**GOAL OF THE EXERCISE**
Exclude the images and repeat all remaining entries exactly.

-- Opening Marker --

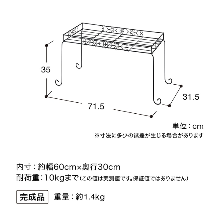 | 備考 : | [内寸]約幅60cm×奥行30cm[耐荷重]10kgまで(この値は実測値です。保証値ではありません。) |
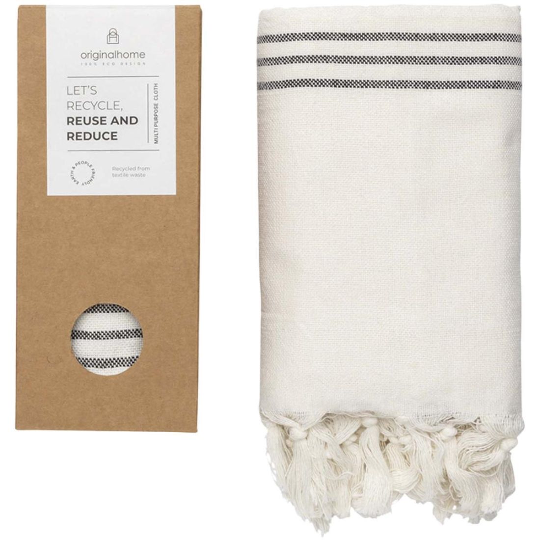 Esta tela versátil es lo bastante gruesa para usarla como plaid o toalla, lo bastante fina para llevarla como fular y lo bastante compacta para transportarla a cualquier parte. Fabricada con materiales 100 % reciclados de la industria textil de Bangladesh, está tejida en un telar manual tradicional y apoya el emprendimiento femenino. Un regalo social ideal que contribuye a una causa sostenible y socialmente responsable. Tamaño: 85 × 175 cm. Composición: 70 % algodón reciclado, 25 % poliéster reciclado, 5 % otras fibras recicladas.
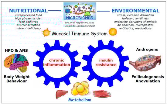 The mucosal immune system and the human MB form an interconnected network that spans the entire body []. Each mucosal interface has its own unique MB—which refers to the entire habitat of microorganisms, including the genome and surrounding environmental conditions—and microbiota (collection of microorganisms) []. The mucosal immune system and MB act as an adaptive interface between the host and the environment, constantly recalibrating to maintain health []. Disruptions in this symbiosis, through diet, environmental influences (e.g., EDCs, microparticulate air pollution, or microplastics), infection, or antibiotics, can trigger mucosal immune dysregulation and contribute to a range of local and systemic conditions, such as infertility, pregnancy complications, and PCOS [,,,]. In addition, disturbances in the MB at one mucosal site can contribute to IR, CSI, and hormonal imbalance, which have pathological influences in apparently unrelated tissues and organs, such as the ovaries and endometrium (see Section 4.8).
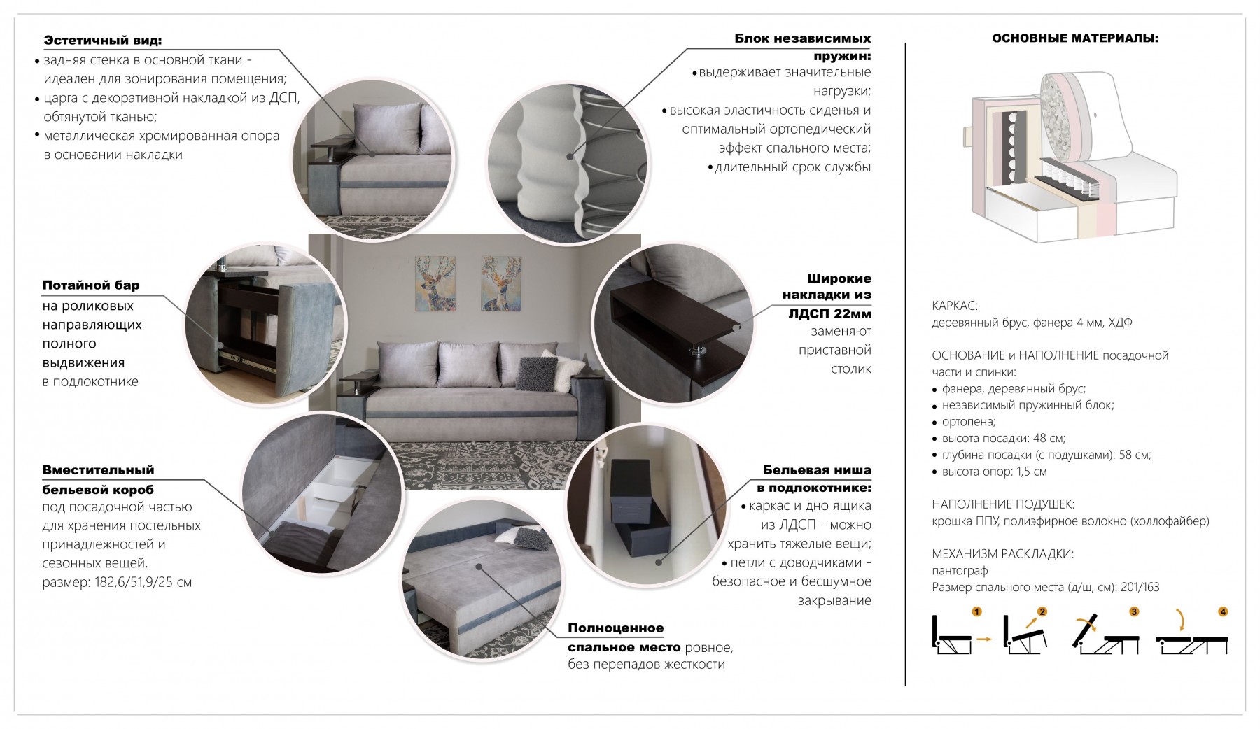 Диван "Атика NEW" представляет собой совершенное сочетание удобства и функциональности, обеспечивая комфортный отдых в любой момент дня и ночи. Встроенный мини-бар и широкие подлокотники позволяют удобно разместить всё необходимое для приятного времяпрепровождения, будь то просмотр фильмов или общение с друзьями. Благодаря продуманной системе трансформации и ортопедическому матрасу на независимом пружинном блоке, диван легко превращается в просторную двуспальную кровать, способствуя отличному отдыху и восстановлению сил. Прекрасный сон ночью гарантирует бодрое утро и хорошее настроение на весь день.
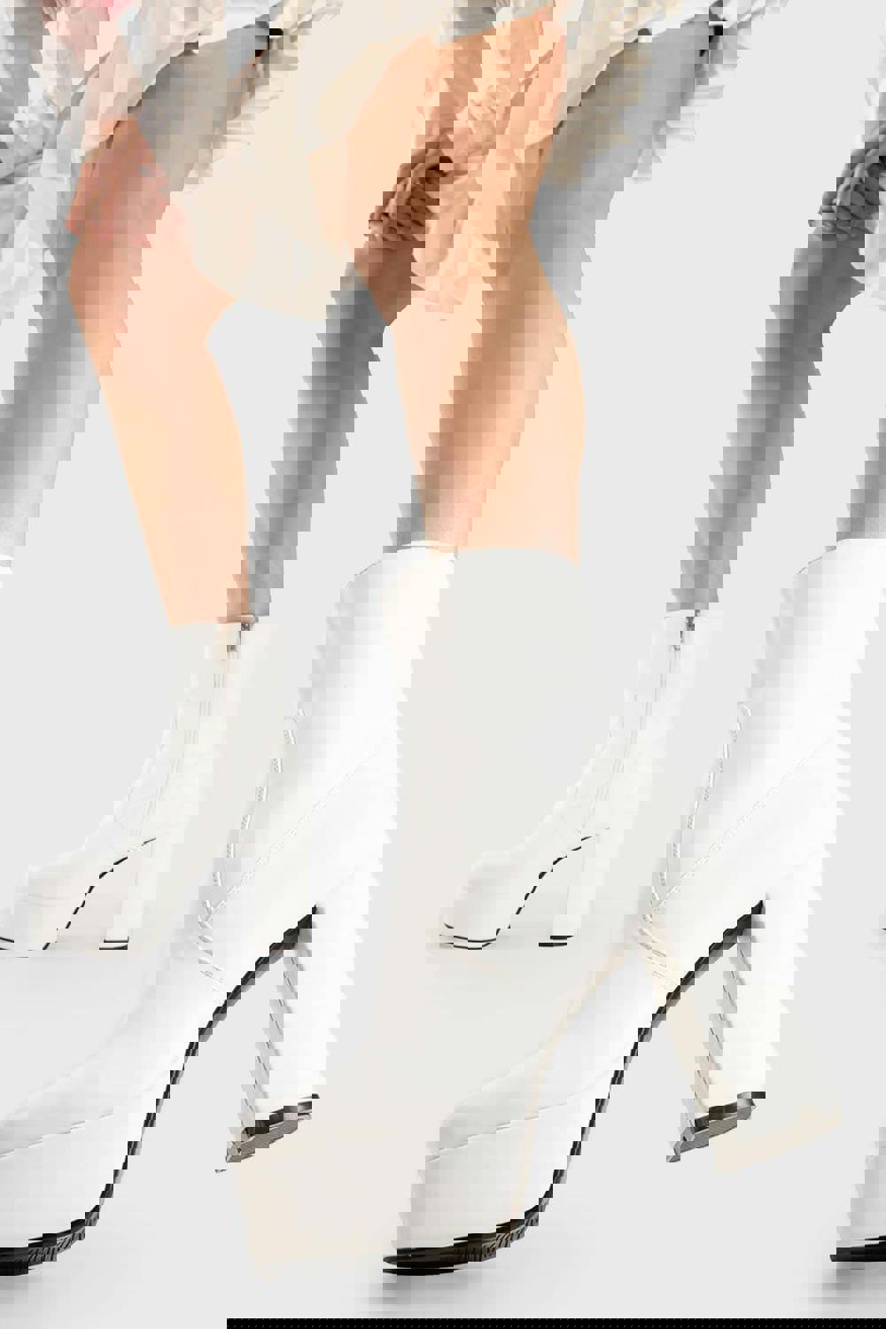 These eye catching boots feature a significant block heel and a robust platform sole that provides substantial height while ensuring a confident stride. The streamlined ankle high design and classic round toe offer a flattering fit that pairs effortlessly with everything from colourful mini dresses to baggy cargo trousers. With a secure side zip entry for easy wear, these white platforms deliver the perfect combination of all-day comfort and high-impact style for anyone looking to make their next fashion move.
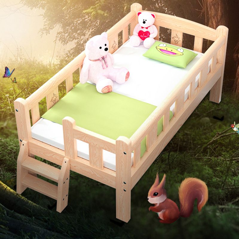Modern Wooden Nursery Bed Solid Color Rectangle Crib with Storage
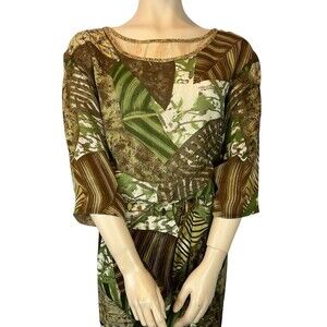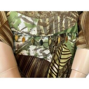 • Layered sheer boxy top in leaf print with leaf shaped plastic bead fringe bottom
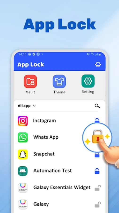 AppLock can lock Facebook, WhatsApp, Gallery, Messenger, Snapchat, Instagram, SMS, Contacts, Gmail, Settings, incoming calls and any app you choose. Prevent unauthorized access and guard privacy. Ensure security.
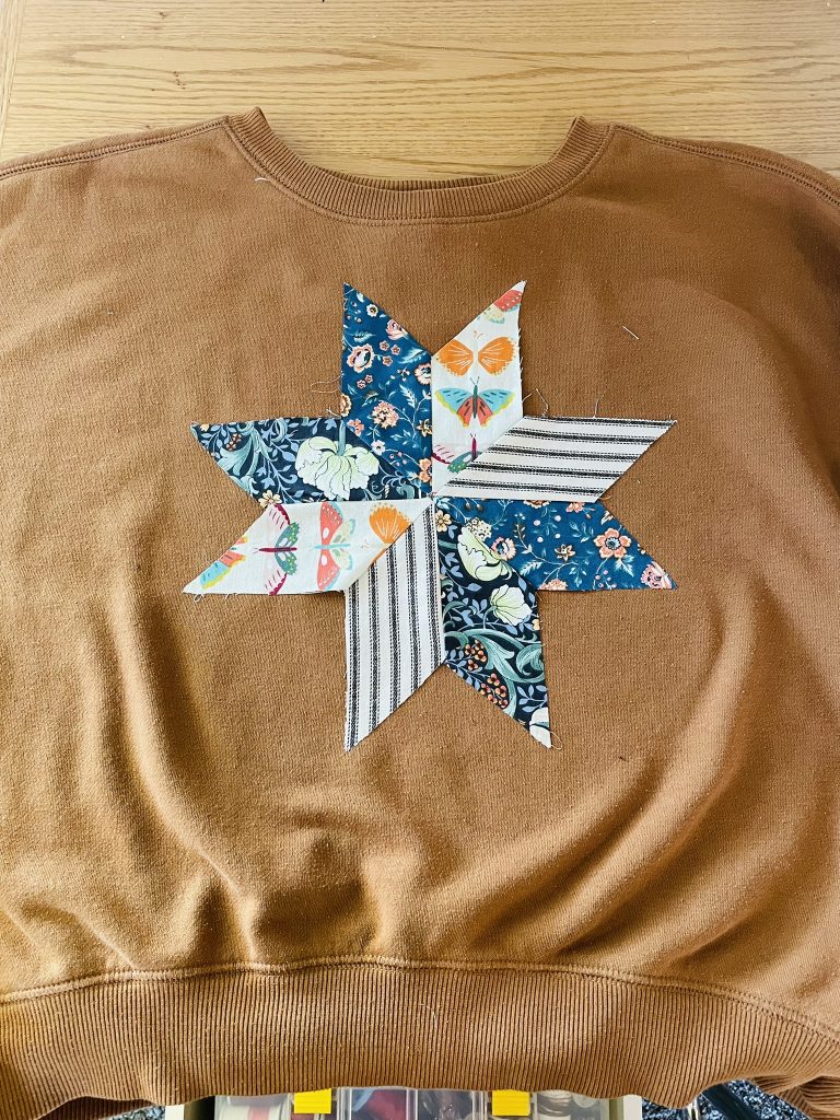 Make sure the star “block” is pressed nicely, and then lay your sweater out flat on the table. Position the star on the sweater and either pin it in place, or use a glue stick to really hold it down.

-- Closing Marker --

**TASK SOLUTION**
 | 備考 : | [内寸]約幅60cm×奥行30cm[耐荷重]10kgまで(この値は実測値です。保証値ではありません。) |
 Esta tela versátil es lo bastante gruesa para usarla como plaid o toalla, lo bastante fina para llevarla como fular y lo bastante compacta para transportarla a cualquier parte. Fabricada con materiales 100 % reciclados de la industria textil de Bangladesh, está tejida en un telar manual tradicional y apoya el emprendimiento femenino. Un regalo social ideal que contribuye a una causa sostenible y socialmente responsable. Tamaño: 85 × 175 cm. Composición: 70 % algodón reciclado, 25 % poliéster reciclado, 5 % otras fibras recicladas.
 The mucosal immune system and the human MB form an interconnected network that spans the entire body []. Each mucosal interface has its own unique MB—which refers to the entire habitat of microorganisms, including the genome and surrounding environmental conditions—and microbiota (collection of microorganisms) []. The mucosal immune system and MB act as an adaptive interface between the host and the environment, constantly recalibrating to maintain health []. Disruptions in this symbiosis, through diet, environmental influences (e.g., EDCs, microparticulate air pollution, or microplastics), infection, or antibiotics, can trigger mucosal immune dysregulation and contribute to a range of local and systemic conditions, such as infertility, pregnancy complications, and PCOS [,,,]. In addition, disturbances in the MB at one mucosal site can contribute to IR, CSI, and hormonal imbalance, which have pathological influences in apparently unrelated tissues and organs, such as the ovaries and endometrium (see Section 4.8).
 Диван "Атика NEW" представляет собой совершенное сочетание удобства и функциональности, обеспечивая комфортный отдых в любой момент дня и ночи. Встроенный мини-бар и широкие подлокотники позволяют удобно разместить всё необходимое для приятного времяпрепровождения, будь то просмотр фильмов или общение с друзьями. Благодаря продуманной системе трансформации и ортопедическому матрасу на независимом пружинном блоке, диван легко превращается в просторную двуспальную кровать, способствуя отличному отдыху и восстановлению сил. Прекрасный сон ночью гарантирует бодрое утро и хорошее настроение на весь день.
 These eye catching boots feature a significant block heel and a robust platform sole that provides substantial height while ensuring a confident stride. The streamlined ankle high design and classic round toe offer a flattering fit that pairs effortlessly with everything from colourful mini dresses to baggy cargo trousers. With a secure side zip entry for easy wear, these white platforms deliver the perfect combination of all-day comfort and high-impact style for anyone looking to make their next fashion move.
Modern Wooden Nursery Bed Solid Color Rectangle Crib with Storage
 • Layered sheer boxy top in leaf print with leaf shaped plastic bead fringe bottom
 AppLock can lock Facebook, WhatsApp, Gallery, Messenger, Snapchat, Instagram, SMS, Contacts, Gmail, Settings, incoming calls and any app you choose. Prevent unauthorized access and guard privacy. Ensure security.
 Make sure the star “block” is pressed nicely, and then lay your sweater out flat on the table. Position the star on the sweater and either pin it in place, or use a glue stick to really hold it down.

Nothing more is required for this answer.